Memorial Day weekend has arrived on Long Beach Island, and with it the unofficial start to summer 2026. After months of misty, windy and chilly weather, the island is finally turning the page toward the season that so many people treat as the real beginning of the year.
The shift matters because this place measures time in more than dates. The third week of May is the point where the island starts to feel alive again, even if the water still carries more chill than comfort and the air is not yet ready to admit summer has won. The column frames the weekend as a pep rally for summer 2026, and that is exactly how it lands: not as a calendar fact, but as a signal that the social season has begun.
The winter was not gentle. In January and February, the writer says the snow and high-tide ocean water turned into treacherous ice fields during surf sessions, with saltwater freezing at 28 F. Then came March, when new customers coming through the door dropped the dining room down 15 degrees. Those details give the season its weight. This was not simply a cold stretch. It was a prolonged grind that reached into work, routine and the rhythm of daily life on the island.
That is why Memorial Day weekend carries more force than a holiday on the calendar. It marks the moment when the island starts leaning toward the 60s, when hot bridge traffic on 4th of July weekend stops being a distant memory and starts feeling like the next test of patience. The column treats the holiday as a local marker for Long Beach Island and Southern Ocean County, where weather, traffic and the crowd calendar shape the whole mood of the season.
The observance at Southern Regional High School adds a different kind of weight. Students and faculty placed more than 7,000 flags on the campus lawn to remember fallen U.S. service members, a Memorial Day gesture that sits beside the island’s seasonal ritual and reminds readers that the weekend is about more than barbecues and beach chairs. The flags pull the story back from the pleasure of the season and toward remembrance.

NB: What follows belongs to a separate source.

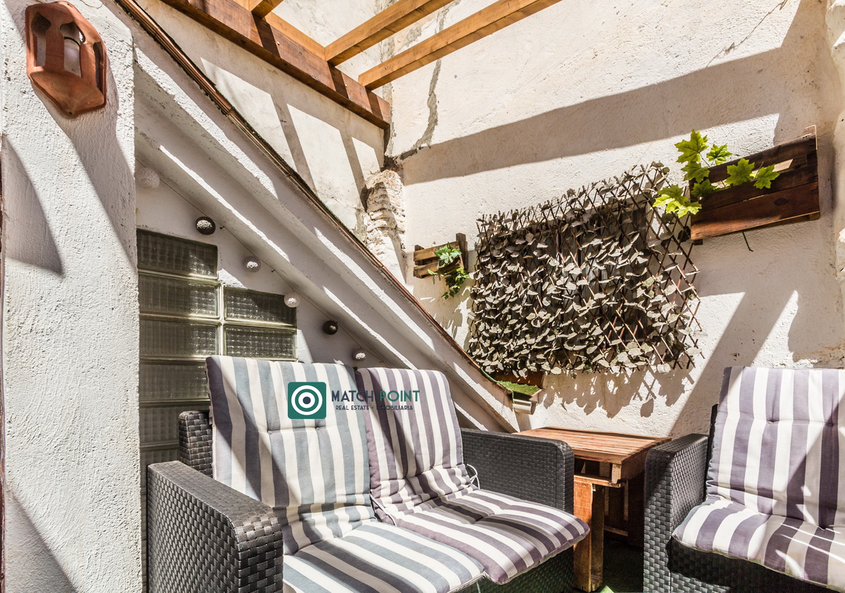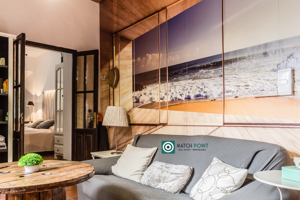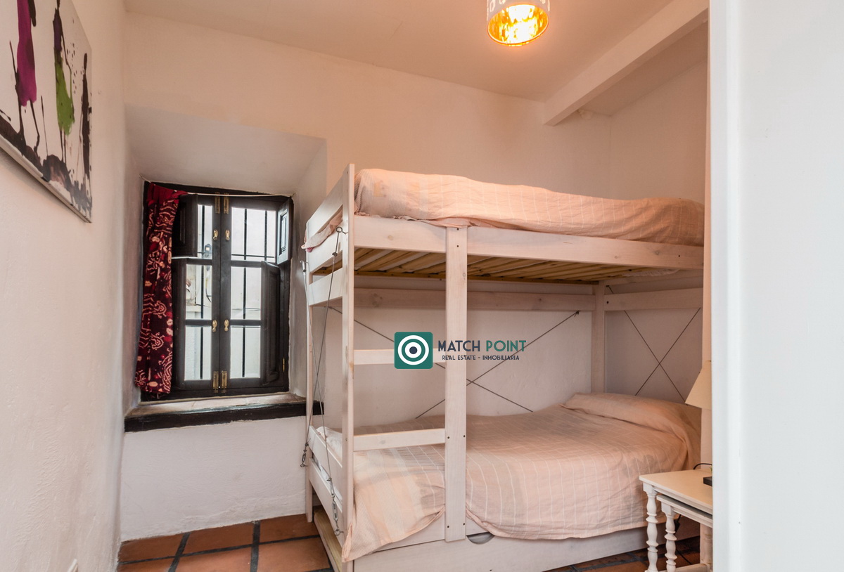 In the heart of the city centre, in the old town, but 160m from the promenade and the Puerta del Mar beach, with everything you need next door, bars, restaurants, pharmacy, etc. and what not, less than five minutes walk, in an old house with only three neighbours, we offer for winter rental, this beautiful newly renovated flat. The access to the flat is through an inner courtyard and has an access with 10 stairs. We start the photographic visit on the charming terrace, where you can enjoy our magnificent climate both day and night, which has an awning to protect you from the sun. We go down the beautiful wooden stairs and access the main floor, where the interior patio stands out, here we have the second bedroom with bunk beds. There is also the master bedroom, the living room, the kitchen and the bathroom with shower. A cosy property to enjoy the winter in Almunecar. Only available from September to June

That contrast is the friction in the piece. The island is ready to celebrate, but it is doing so with the memory of winter’s danger still fresh and with a civic observance standing in the middle of the holiday. Memorial Day weekend opens summer socially, not meteorologically, and the column never pretends otherwise. The water may still be cool, the weather still unsettled, but the season has already started because people have decided it has.
That is the real answer the column gives: Labor Day 2026 may be the far-off marker in the background, but the summer that will lead there begins now, with Memorial Day weekend, on an island that has waited through the cold and is ready to move.